In 1851, Nell finished his pamphlet, Services of Colored Americans in the Wars of 1776 and 1812, one of the first pieces of historical writing devoted to the experiences of African Americans.  Following the breach between Garrison and Douglass, Nell resigned at The North Star and in 1852 returned to Boston.  In April 1855, Nell published The Colored Patriots of the American Revolution, the first comprehensive work of African American history.  In 1862, he became a postal clerk, one of the first such federal appointments for an African American, and he held the position until his death in 1874.

“SLAVE LIFE,” OR “UNCLE TOM’S CABIN”

"Slave Life," or "Uncle Tom's Cabin"

Location:  Historic American Sheet Music Collection, Duke University, Durham, North Carolina

Title of Song:  “Slave Life, or Uncle Tom’s Cabin”

Composer:  Charles Jeffreys

Publisher:  C. Jeffreys

Year & Place:  1853, London, England

Collection/Call Number/Copies:  hasmsm006

Historic American Sheet Music Item #: hasmsm006

Basic Description

The focus of this lithograph is a black woman with plaited hair holding a small, elegantly-dressed white boy in her arms.  The woman’s strapless and sleeveless dress — pleated and ill-fitting, as if improvised from window curtains or bed linen — reveals her supple arms and upper torso.

Personal Description

No doubt referencing the passages in Uncle Tom’s Cabin where Topsy playfully drapes herself in assorted linens and towels, this image subliminally turns this woman and her dress into a metaphoric bed, in which the slumbering child curls up.

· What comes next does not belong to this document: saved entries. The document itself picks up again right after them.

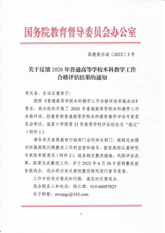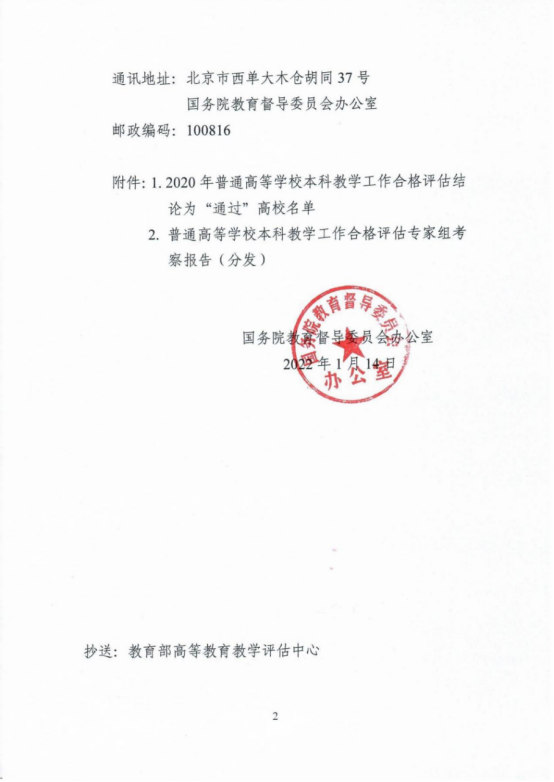 近日,国务院教育督导委员会办公室下发《关于反馈2020年普通高等学校本科教学工作合格评估结果的通知》(国教督办函〔2022〕3号),根据教育部普通高等学校本科教育教学评估专家委员会的审议结果,beat365官方网站本科教学工作合格评估结果为“通过”。这标志着我校顺利通过教育部本科教学工作合格评估,学校发展迈向了新台阶、开启了新征程。
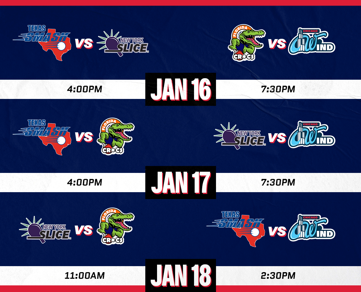 Major League Table Tennis heads to Willowbrook, IL, Jan 16–18, 2026 at Compass Arena. The Chicago Wind defend their home court against the Texas Smash, New York Slice, and Florida Crocs.
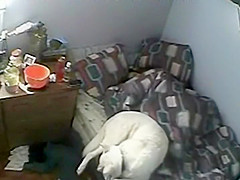 Spying in my brother's room is my top priority those days 'coz that guy is running a revolving door scheme when it comes to all kinds of sexually excited gals. My hidden camera caught him finger a fur pie of this cutie and as pretty soon as this babe was relaxed sufficiently this chab screwed her hard. Dog interrupted 'em for a bit.

Performed in blackface by the white actress “Mrs. Keeley”, this Topsy is maternal rather than impish, and would not have been out of place in a Victorian-era colonial setting such as India, South Africa, or Jamaica.

Reality Check

MarySeacole1

Mary Seacole (1805-1881)

Mary Seacole was born Mary Jane Grant in Kingston, Jamaica. Her father was a Scottish soldier, and her Jamaican mother was a practitioner of traditional medicine and had a boarding house where she cared for the sick. Mary learned about medicine from her mother, soon gaining her own reputation as a “skilful nurse and doctress”.

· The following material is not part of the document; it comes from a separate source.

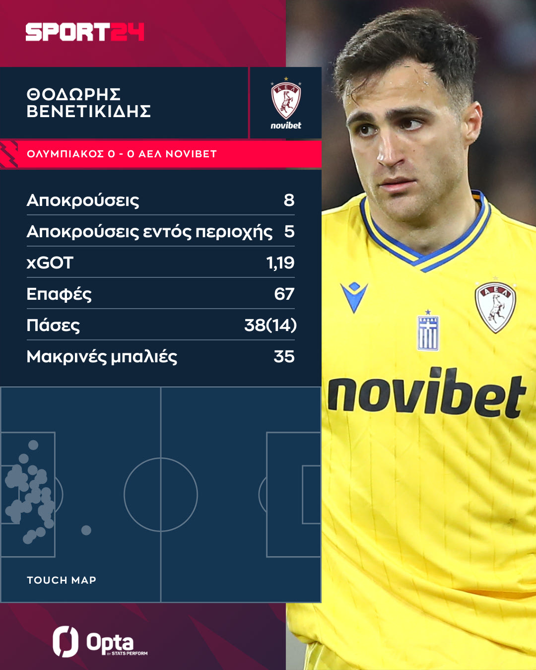 Ο Βενετικίδης ολοκλήρωσε το ματς με οκτώ αποκρούσεις, που είναι η τέταρτη καλύτερη επίδοση στο φετινό πρωτάθλημα. Μάλιστα, οι πέντε επεμβάσεις ήταν σε σουτ μέσα από τη “βυσσινί” περιοχή, κάτι που αυξάνει τη δυσκολία τους.
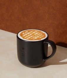 バニラフレーバーシロップとスチームミルクのコンビネーションになめらかなフォームミルクをのせ、その上からエスプレッソのダブルショットを注いでアクセントを付けました。仕上げにスターバックス リザーブで取り扱うキャラメルソースをトッピングしています。

In 1836 Mary married Edwin Horatio Hamilton Seacole, godson of the British naval hero, Lord Nelson, but after only eight years the marriage was cut short by his early death.  Mary travelled widely – there were two trips to Britain and, in 1851, she joined her brother Edward in Panama, where she opened a hotel. Soon she had saved her first cholera patient, and gained extensive knowledge of the pathology of this disease, which she herself had contracted and recovered from. She was widely praised for her work in treating cholera, and returned to Jamaica in 1853.

She then traveled again to London, where she heard about the Crimean war and how the nursing system there had collapsed. She made applications to the War Office, the army medical department, and the secretary of war to be allowed to go to the Crimea and tend to the sick and wounded. She pointed out that she had extensive experience, excellent references and knew many of the soldiers and regiments, having nursed them while they were stationed in Jamaica.  But she was turned away by everybody, including one of Florence Nightingale’s assistants.

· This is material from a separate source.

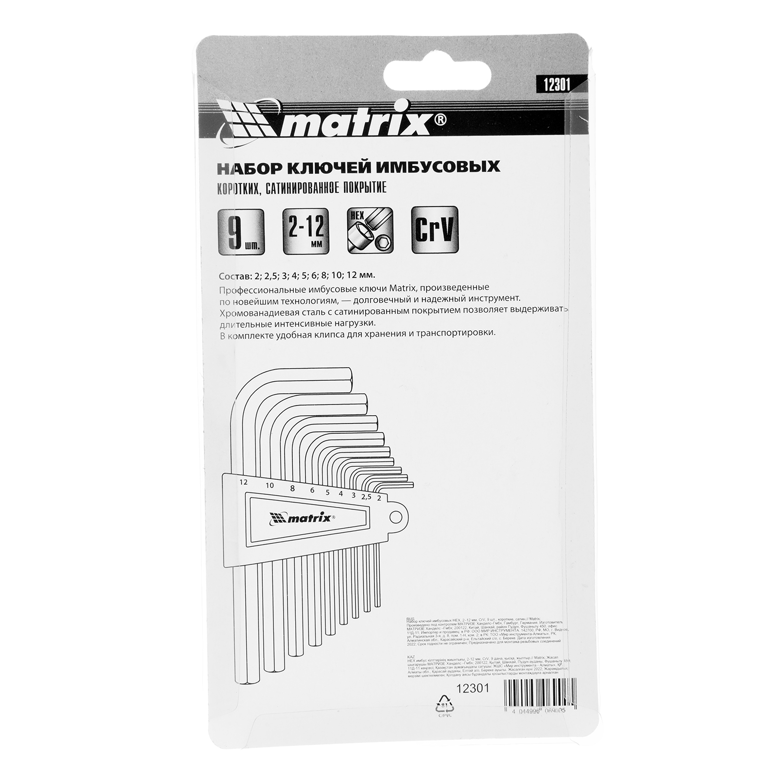 Набор ключей имбусовых HEX, 2-12 мм, CrV, 9 шт, короткие с сатинированным покрытием Matrix в Санкт-Петербурге

Seacole and a relative of hers agreed to launch a general store and hotel near the British camp in the Crimea. So, at the age of 50, Mary went to the battle zone as a sutler: a person who follows the army and sells provisions to the troops. The moment she arrived there were sick and wounded to attend to. Soon the entire British army knew of “Mother Seacole.” The assistant surgeon of the 90th Light Infantry watched with admiration as she would administer to the soldiers, giving them tea and food and words of comfort. She was often on the front line and frequently under fire. Mary Seacole’s reputation after the Crimean War rivaled that of Florence Nightingale’s.

The end of the war left Seacole impoverished and, soon thereafter, she went bankrupt. Lord Rokeby and Lord Paget, both Crimean commanders, organized a benefit at the Royal Surrey Gardens to raise money for Mary. In 1857, Mary published her autobiography, The Wonderful Adventures of Mrs. Seacole in many lands. She was awarded a Crimean medal, and a bust was made of her by Prince Victor of Hohenlohe-Langenburg, sculptor and nephew of Queen Victoria. The last 25 years of her life, however, were spent in obscurity.